Given data →
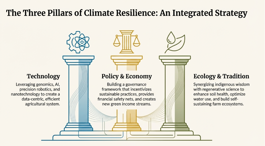 “Climate resilient agriculture integrates genomic analysis, biotechnology, and AI with adaptive policy to navigate climate change dynamics. This framework secures food supply and elevates farmer incomes, balancing economic growth with environmental conservation through data-driven best practices.”
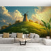 Carta da parati mulino a vento | Scena bucolica con mulino e campi verdi
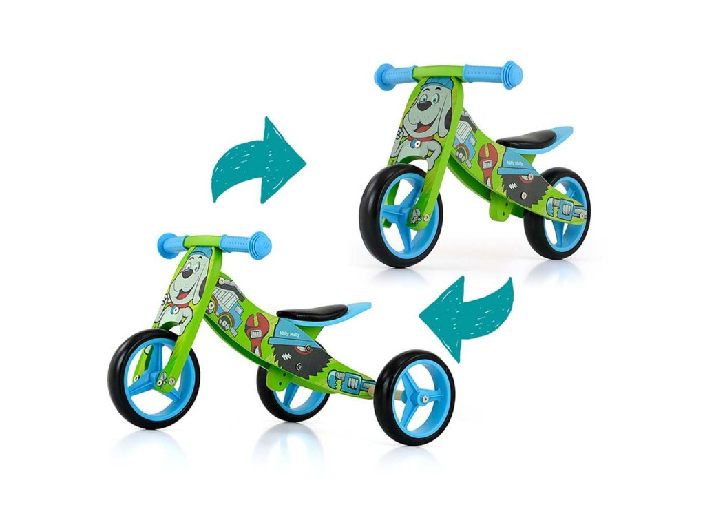 Detské multifunkčné drevené odrážadlo Milly Mally JAKE je ideálne pre deti, ktoré sa práve začínajú učí jazdiť na bicykli a pritom nie sú schopné udržať rovnováhu na dvoch kolesách. Výhodou odrážadlá JAKE je, že z trojkolky sa ľahko stane odrážadlo na dvoch kolesách.Charakteristika:

Action item → Write each line exactly as it appears, from the line that holds "Carta da parati" through the closing line of the data above, and leave every picture out.

Expected answer →
 Carta da parati mulino a vento | Scena bucolica con mulino e campi verdi
 Detské multifunkčné drevené odrážadlo Milly Mally JAKE je ideálne pre deti, ktoré sa práve začínajú učí jazdiť na bicykli a pritom nie sú schopné udržať rovnováhu na dvoch kolesách. Výhodou odrážadlá JAKE je, že z trojkolky sa ľahko stane odrážadlo na dvoch kolesách.Charakteristika:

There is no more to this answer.